Saved entries -
------
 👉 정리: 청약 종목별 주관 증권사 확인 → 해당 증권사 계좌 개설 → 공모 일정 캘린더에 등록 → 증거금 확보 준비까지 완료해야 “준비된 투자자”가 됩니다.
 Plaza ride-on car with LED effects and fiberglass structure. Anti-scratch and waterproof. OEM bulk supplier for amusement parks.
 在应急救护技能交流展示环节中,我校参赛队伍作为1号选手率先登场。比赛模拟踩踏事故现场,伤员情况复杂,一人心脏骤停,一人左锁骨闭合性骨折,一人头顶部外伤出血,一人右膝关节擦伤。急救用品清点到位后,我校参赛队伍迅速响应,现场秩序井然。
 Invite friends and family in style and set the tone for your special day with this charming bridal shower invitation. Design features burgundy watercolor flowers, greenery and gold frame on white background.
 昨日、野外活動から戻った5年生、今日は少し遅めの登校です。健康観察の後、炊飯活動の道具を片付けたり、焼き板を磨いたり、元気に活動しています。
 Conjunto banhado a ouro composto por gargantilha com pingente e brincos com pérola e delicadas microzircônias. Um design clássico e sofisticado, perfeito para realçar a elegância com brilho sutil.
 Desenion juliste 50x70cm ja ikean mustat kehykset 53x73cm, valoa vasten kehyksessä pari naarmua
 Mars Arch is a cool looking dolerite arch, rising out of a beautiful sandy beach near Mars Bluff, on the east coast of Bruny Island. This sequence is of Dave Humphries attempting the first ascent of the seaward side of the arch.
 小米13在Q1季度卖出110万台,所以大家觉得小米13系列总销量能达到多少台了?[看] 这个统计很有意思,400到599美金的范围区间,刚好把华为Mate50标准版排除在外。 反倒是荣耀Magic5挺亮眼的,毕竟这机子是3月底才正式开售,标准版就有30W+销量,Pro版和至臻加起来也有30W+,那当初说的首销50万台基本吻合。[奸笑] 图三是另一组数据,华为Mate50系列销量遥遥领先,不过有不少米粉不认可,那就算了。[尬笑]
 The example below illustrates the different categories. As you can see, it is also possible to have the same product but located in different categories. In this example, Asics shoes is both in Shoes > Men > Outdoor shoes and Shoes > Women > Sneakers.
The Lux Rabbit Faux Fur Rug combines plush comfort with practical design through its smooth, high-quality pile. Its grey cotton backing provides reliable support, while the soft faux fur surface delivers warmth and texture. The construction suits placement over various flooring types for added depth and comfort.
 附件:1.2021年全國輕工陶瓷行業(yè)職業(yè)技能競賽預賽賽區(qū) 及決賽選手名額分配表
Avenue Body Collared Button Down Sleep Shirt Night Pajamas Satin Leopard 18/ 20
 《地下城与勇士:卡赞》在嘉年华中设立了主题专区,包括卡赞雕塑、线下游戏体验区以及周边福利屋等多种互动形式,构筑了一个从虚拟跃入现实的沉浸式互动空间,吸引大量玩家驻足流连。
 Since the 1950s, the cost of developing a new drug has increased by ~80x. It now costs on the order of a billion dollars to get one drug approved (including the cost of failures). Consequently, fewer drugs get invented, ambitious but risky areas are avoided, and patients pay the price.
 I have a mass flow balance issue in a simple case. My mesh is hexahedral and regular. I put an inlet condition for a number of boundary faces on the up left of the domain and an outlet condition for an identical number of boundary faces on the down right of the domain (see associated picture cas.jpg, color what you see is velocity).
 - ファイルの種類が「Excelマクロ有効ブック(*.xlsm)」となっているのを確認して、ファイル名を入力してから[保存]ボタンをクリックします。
------
Your task is to copy every line in the entries that holds the string "have".

 The example below illustrates the different categories. As you can see, it is also possible to have the same product but located in different categories. In this example, Asics shoes is both in Shoes > Men > Outdoor shoes and Shoes > Women > Sneakers.
 I have a mass flow balance issue in a simple case. My mesh is hexahedral and regular. I put an inlet condition for a number of boundary faces on the up left of the domain and an outlet condition for an identical number of boundary faces on the down right of the domain (see associated picture cas.jpg, color what you see is velocity).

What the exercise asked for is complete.